In return, the taxpayer will take preference shares in the lenders. These rank the Government ahead of ordinary investors who own shares listed on the London Stock Exchange.
But because their price is fixed, the taxpayer risks missing out on any windfalls if the value of banks soar.
Halifax Bank of Scotland, Lloyds TSB and Royal Bank of Scotland are expected to take up the offer of government cash, while Barclays and the Nationwide are considering the move.
By contrast HSBC has said it has no need for any government money, as did Standard Chartered and Abbey, which is owned by Spain's Santander.
On top of this, the Government will offer a £250billion guarantee to underwrite debt, helping banks raise much-needed cash.
And the Bank of England will take on up to £200billion of repackaged mortgages to help strengthen the banks' finances.
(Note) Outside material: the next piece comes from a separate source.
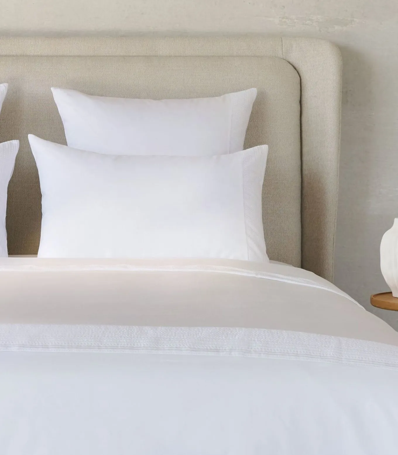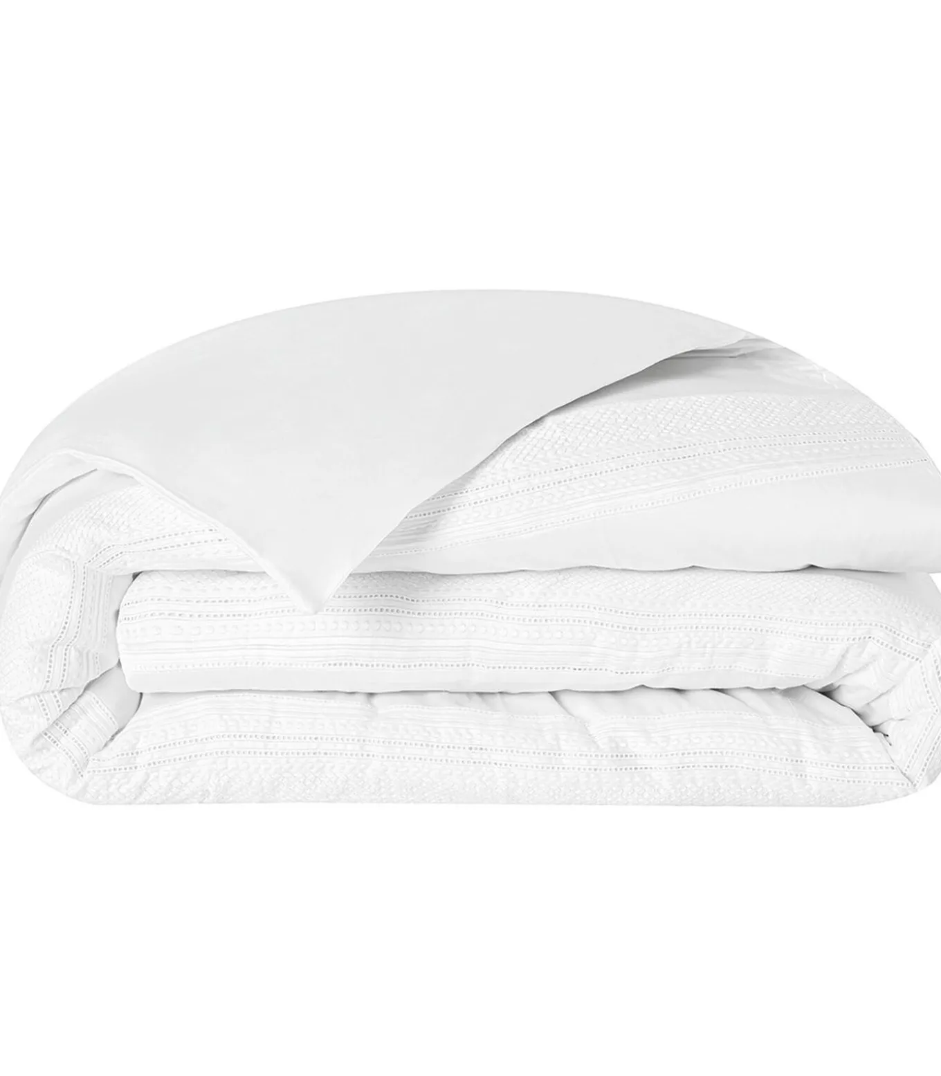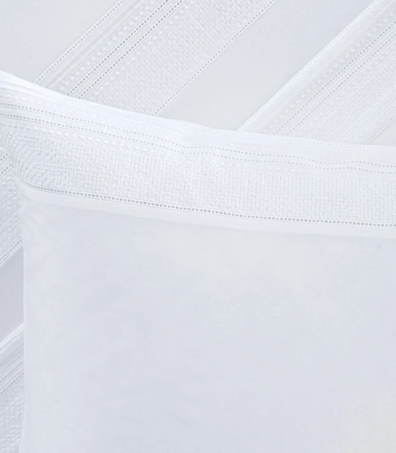 Voorkant effen wit met 2 ingevoegde geborduurde horizontale strepenAchterkant effen wit

Surprise move: The Bank of England cut interest rates by 0.5 per cent in a co-ordinated move echoed across Europe, in the U.S. and significantly in China
The jawdropping liability amounts to more than a third of the annual value of the British economy.
'That's a level we haven't seen since the crisis of the 1970s,' said Robert Chote, director of the Institute for Fiscal Studies.
'After the next election, whoever wins will have to do some unpleasant things on both tax and spending.'
Mr Brown admitted public borrowing will have to be drastically increased to fund the package, but he insisted that 'for every family in the country, the stability of the banking system matters'.
He promised a crackdown on excessive pay and bonuses for bank executives in exchange for taxpayer cash, and held out the hope of swift cuts in lending rates for small businesses struggling to raise cash.
City insider to oversee bank bail-out
Task: Paul Myners will negotiate the bank bail-out for the Government
A businessman with one of the most extensive CVs in the City will negotiate the bank bail-out on behalf of the Government.
Paul Myners, 60, will have to ensure that billions of pounds of taxpayers' money is not squandered.
The newly-appointed Minister for City can claim the chairmanship of Marks & Spencer, Guardian Media Group and Land Securities among his recent posts.
He has also worked for Powergen, Gartmore, NatWest, Coutts, O2, Bank of New York and the Bank of England.
Public-appointments include leading a Treasury-commissioned review into institutional investment and a review into the governance of life companies and chairing the Low Pay Commission.
He started his career in 1970 as a financial journalist with the Daily Telegraph but left after four years to join Rothschilds merchant bank.
In 2007, he donated £12,700 to Gordon Brown's leadership campaign.
He has two children by Alison, his wife of 13 years, as well as three daughters from a previous marriage.